The pop-up traveled between neighborhood art institutions, including the Judd Foundation and the Drawing Center, and it was displayed at block parties and workshops. Portions of it are now on loan and on display at the NYPL Mulberry Street Branch.

==Collaborations==

In 2021 the SoHo Memory Project partnered with Gesso to create a GPS-based walking tour. Growing out of an in-person tour Ohta occasionally led, the walk includes iconic spaces such as the Judd Foundation, Housing Works Bookstore and Vesuvio Bakery. In the recorded audio, historical information is layered with personal recollections of growing up in SoHo.

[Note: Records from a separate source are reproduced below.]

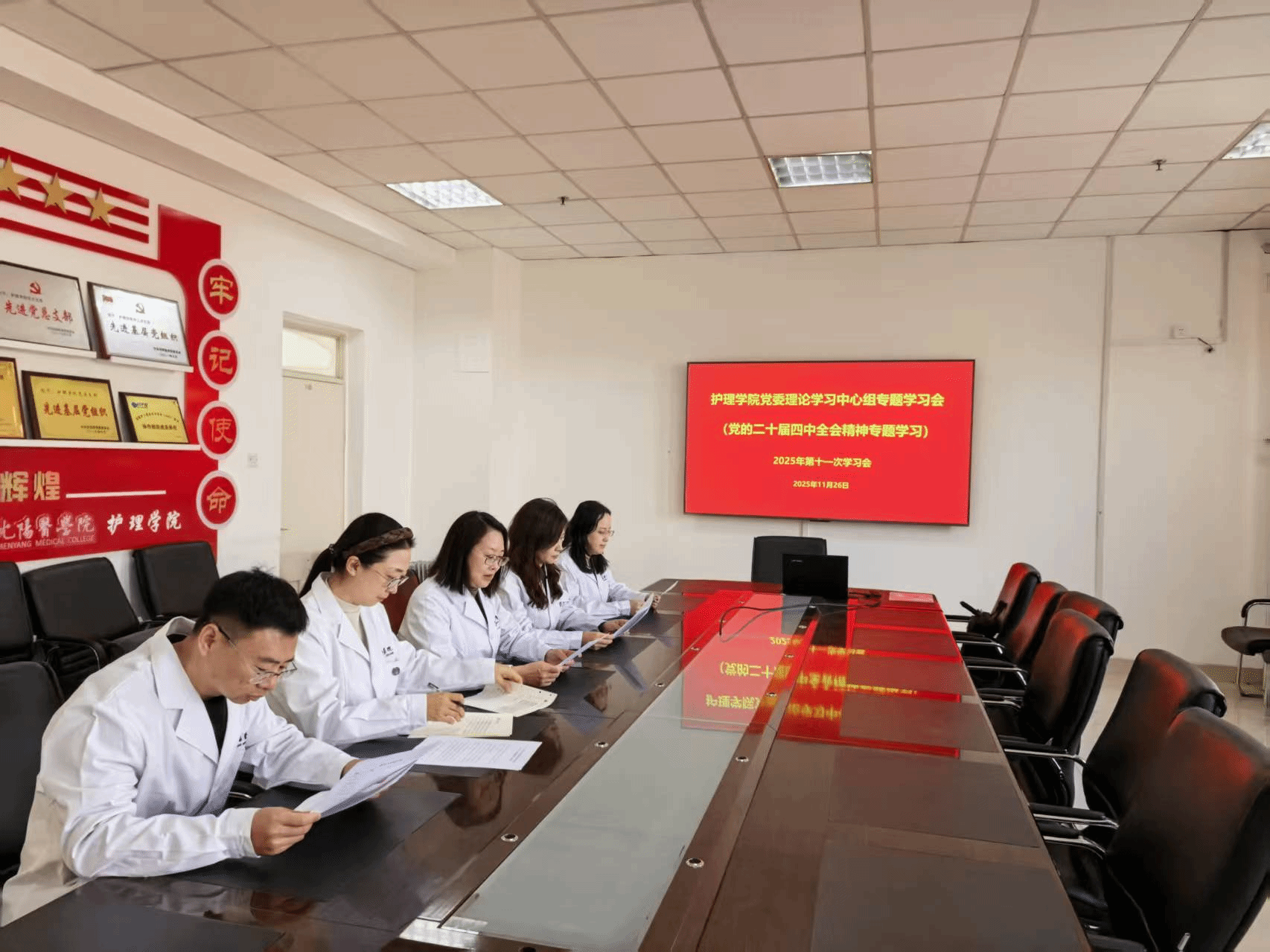 11月26日下午,护理学院党委召开党委理论学习中心组第十一次学习会。本次为党的二十届四中全会专题学习会。学院领导班子成员参加学习会,学院党委书记叶琳主持会议。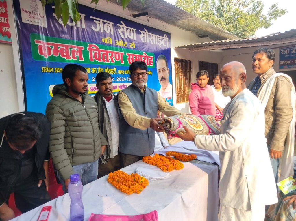 सर्दी का मौसम देखते हुए गरीब असहाय के बीच बंटा कम्बल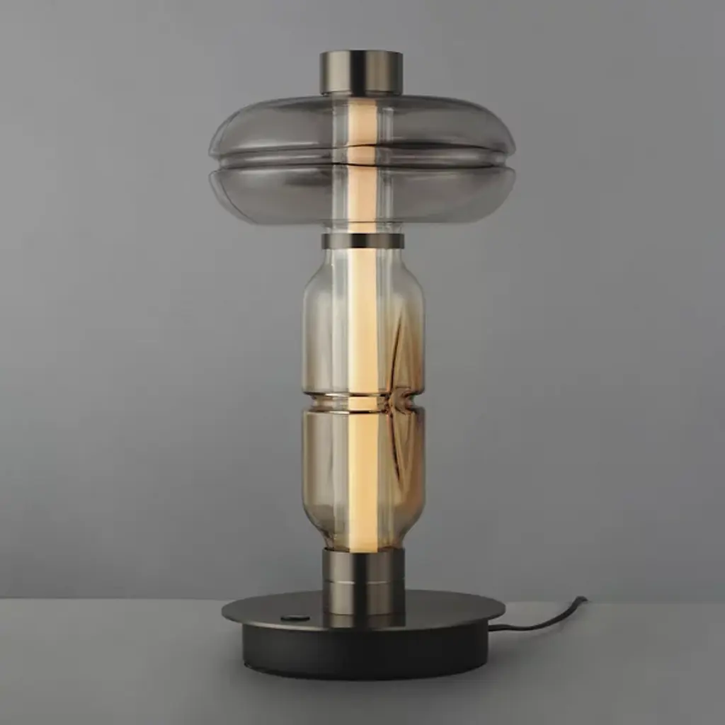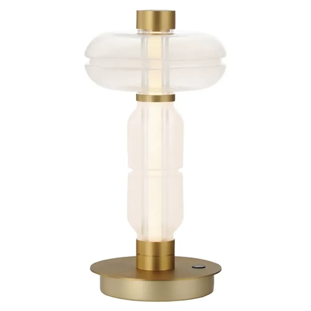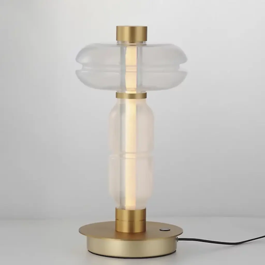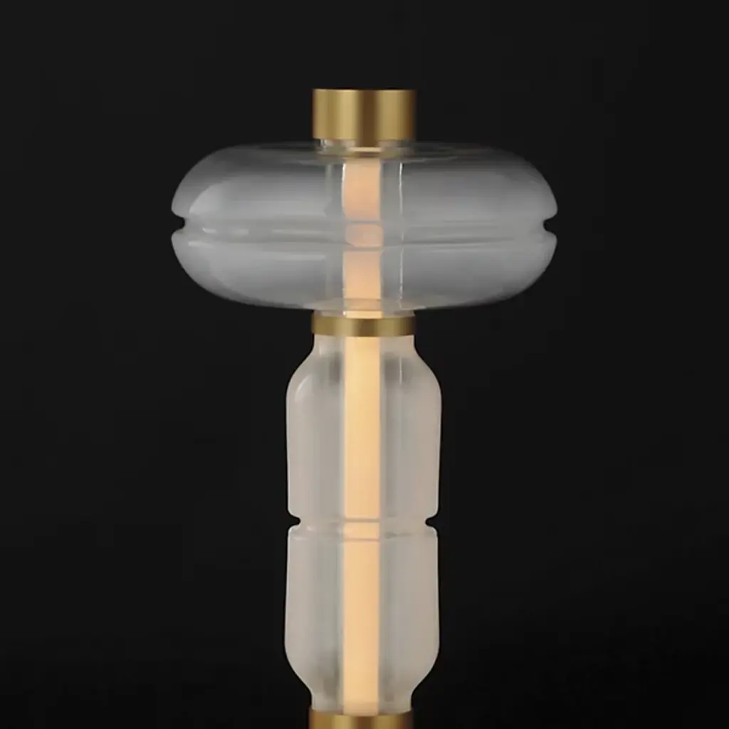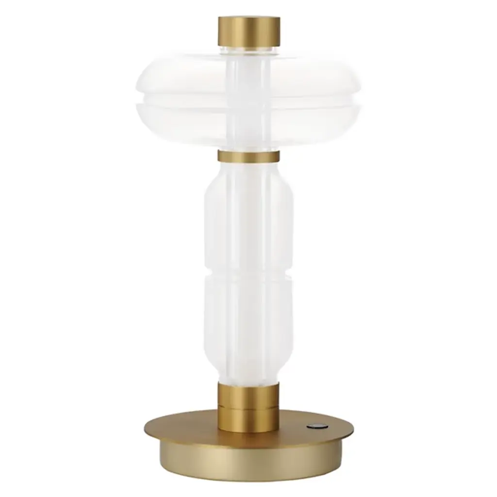 With a retro-futuristic flair and a burst of Gusto, the Gusto LED Table Lamp from Studio M introduces artisanal hand-blown glass elements, embracing cloud-like hues and color gradients. A harmonious blend of Transitional and Artisanal Modern styles designed by Cesar Giraldo, each glass piece, meticulously crafted with dimpled accent bands, refracts dedicated LED lighting, casting an enchanting glow that dances along the undulating silhouette of the fixture. The lamping itself is encased within a thin tube of white acrylic, nestled within a larger layer of clear glass, creating an airy composition that exudes a sense of weightlessness while generously illuminating its surroundings.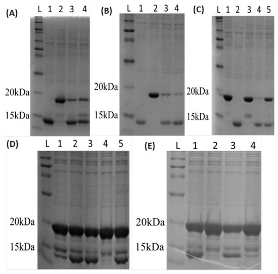 SDS-PAGE gels show the activity of the tested clones prepared from (A) Mut0—L ladder, 1 positive control, 2 negative control, 3,4 selected clones, (B) Mut1—L ladder, 1 positive control, 2 negative control, 3,4 selected clones, (C) Mut2—L—ladder, 1 negative control, 2 positive control. 3–5 selected clones, (D) Mut3—L ladder, 1 negative control, 2 positive control, 3–5 selected clones, (E) Mut4—L ladder, 1 positive control, 2 negative control, 3–4 selected clones. Substrate for cleavage was Trx-DCD1, which had a DDDDK amino acid residue sequence between thioredoxin and dermcidin. Protein ladder was Novex™ Sharp Pre-Stained Protein Standard (Invitrogen, Thermo Fisher Scientific, Waltham, MA, USA).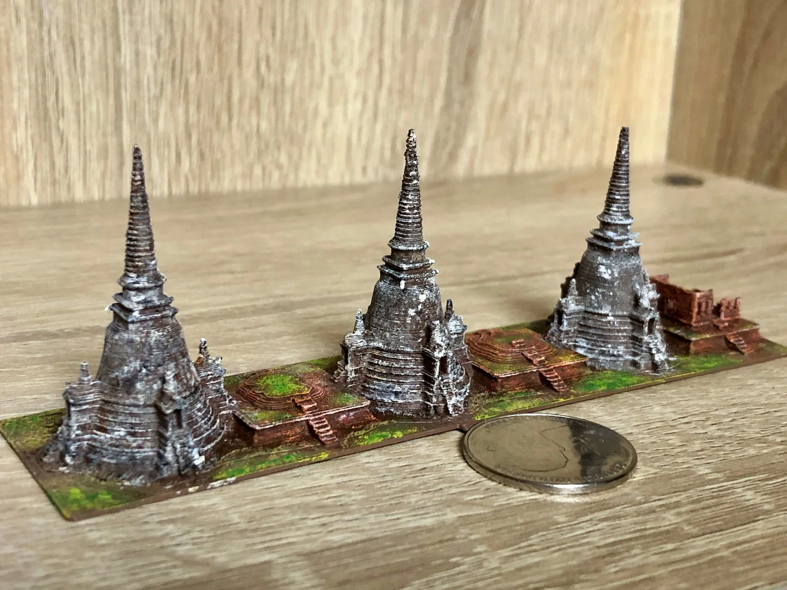 Mô hình mini Wat Phra Si Sanphet ở cố đô Ayutthaya, Thái Lan: thiết kế dễ in, không cần supports, tối ưu lại năm 2024 với nhiều chi tiết hơn. Phù hợp in trưng bày các công trình cổ và stupa đặc trưng.

For Uniqlo's celebration of 15 years in America, the SoHo Memory Project curated an exhibition in their flagship Broadway location. In 2018 the SoHo Memory Project consulted on Gucci's Wooster St. space, a bookstore and screening room that celebrates the creative legacy of the neighborhood. Ohta curated a series of short films highlighting the cultural significance of SoHo in the 1970s and 80s.

==Yukie Ohta==
Yukie Ohta is the founder and driving force behind the SoHo Memory Project. An archivist and writer, she is a SoHo native and current resident. Her parents were Japanese immigrants who moved to America for its artistic as well as economic possibilities. Her family lived first on Crosby Street, then moved to a loft on Mercer when Ohta was 5. The building was converted into a loft condominium, where she now lives with her partner, visual artist Arnaud Gibersztajn, and daughter.

She has received recognition for her work on the SoHo Memory Project with the New York Preservation Archive Project's 2021 Preservation Award and a nomination for a 2023 GANYC Apple Award in the category of "Outstanding Achievement in Support of NYC (Preservation).